What is new about the information already in place is the manner in which it is delivered: I use DHTML rollovers and other interactive methods which do not significantly interrupt the reading experience by forcing attention onto a new page. Tool tips, image boxes and popup windows appear when triggered by the movement of the mouse, and I have chosen not to indicate the anchor words in the text in order to keep those words from being privileged in a literary sense. The fact that these effects are transitory (unless one clicks on a link to bring up a new page) means that the page remains simple and clean until they are needed, whereas the use of frames and substitute pages can complicate the interface and disrupt concentration with distractions.

I'm interested in talking to others who are working on interface design, those who have knowledge of transforming XML-encoded text into HTML, and those who are involved with other literary projects and editions.

173

Burnard, Lou. Oxford University

TEI and XML: A Marriage made in Heaven

New roles for the TEI?

 The Text Encoding Initiative's "Guidelines for electronic text encoding and interchange" (TEI, 1994) were the result of an extensive international research project, which aimed to provide exhaustive recommendations for the encoding of key features in literary and linguistic textual materials. These recommendations, taking the form of a modular, SGML-based, architecture in which DTD fragments and documentation are combined according to user-specified requirements, proved very effective and have been widely adopted in digital library, language engineering, and many other projects.
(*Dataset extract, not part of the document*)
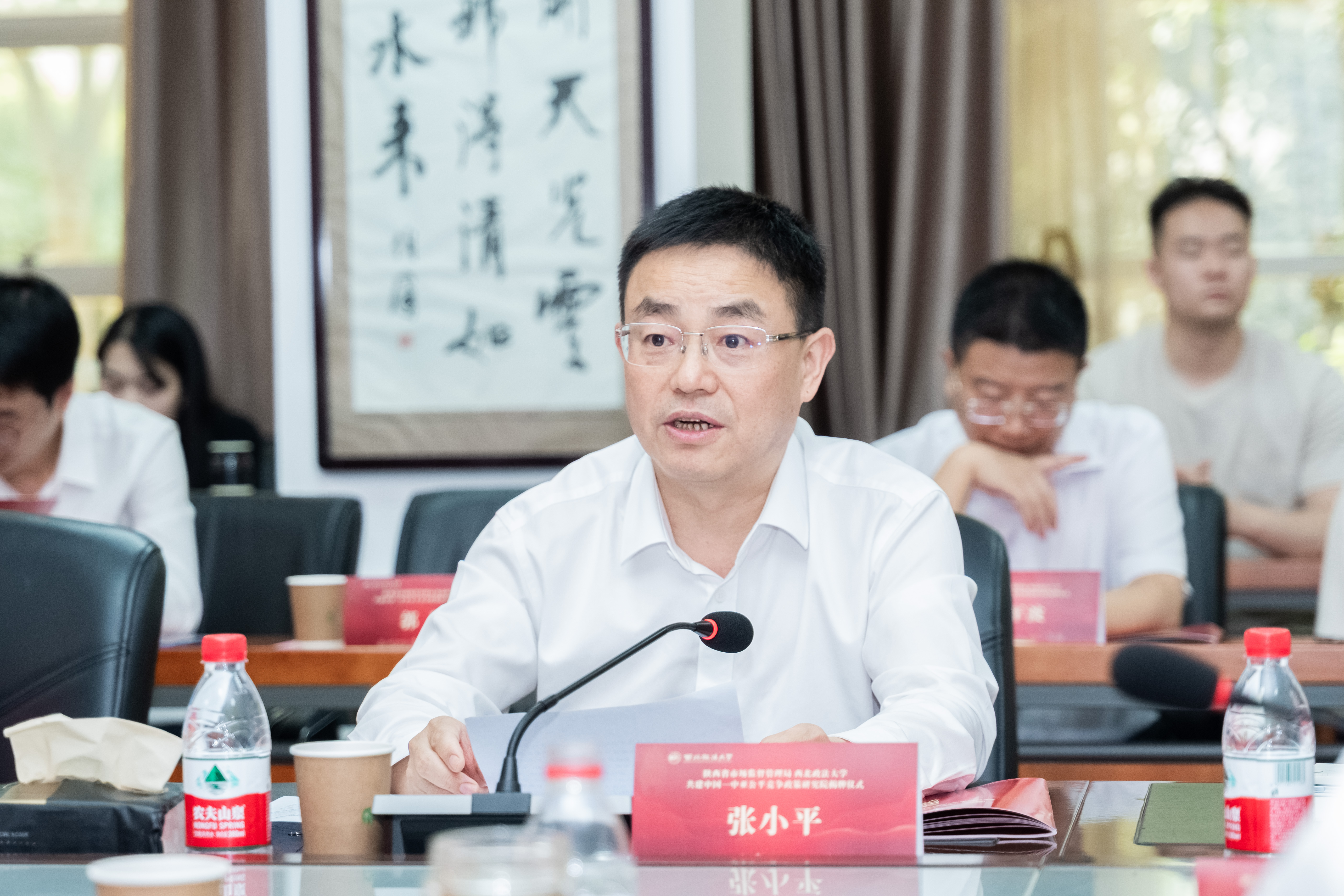 张小平对beat365的办学成就表示赞赏,并介绍了陕西省市场监督管理局与学校在市场监管现代化、课题研究、案件研讨等方面的相关合作。他表示,研究院的成立是贯彻落实党的二十届三中全会、中国—中亚峰会精神及党中央、国务院关于公平竞争政策系列部署的重要实践,是服务“一带一路”倡议、推动陕西开放型经济发展的关键举措。为推动研究院高效运作、发挥更大作用,要深化竞争政策研究,推动更多中亚国家制度型合作成果落地。要创新构建企业出海政策服务体系,助力陕企深耕中亚市场。要完善人才培养机制,为市场监管现代化提供智力支持。

A new membership Consortium was formed in 2001, based at four universities worldwide, which has since revised the whole of the Guidelines, and produced a new version re-expressed in XML. Included in its new technical programme are further work on harmonization with emerging related standards and a new schema-based version of the underlying DTDs.

In this paper we consider the extent to which the TEI, designed to *describe* existing texts, is also suitable for the authoring of new material, such as web sites, academic papers, or digital editions. It is clear that the TEI Guidelines require very little extension to enable them to describe the structure and contents of most web pages. We describe how its modular architecture readily permits addition of short-cut attributes for <figure, <xptr and <xref to allow URLs directly (rather than via entities), provision of `file', `scale', `width' and `height' attributes to <figure, and addition of special purpose elements for other multimedia content such as sound and image maps. Although the TEI is very definitely "book-centric" in its concept of text, we find it sufficiently flexible to cater for information organized in a completely non-book-like manner.

We will further argue that, as well as being able to model web pages adequately, the non-prescriptive nature of the TEI makes it a good candidate for a neutral interchange language amongst other competing and often more prescriptive XML schemes. The class system underlying the TEI model of textual structure is robust, well-tested, and facilitates precisely this kind of application. As new subject-focussed XML-based schemas and DTDs proliferate, there will be an increasing demand for a non-specific interlingua for the interchange and integration of digital textual data. Our claim is that the TEI is probably the most comprehensive and certainly the most extensively documented public markup system yet devised. This paper restates its key role as a means of facilitating interchange and exchange of information, in conformance with emerging standards.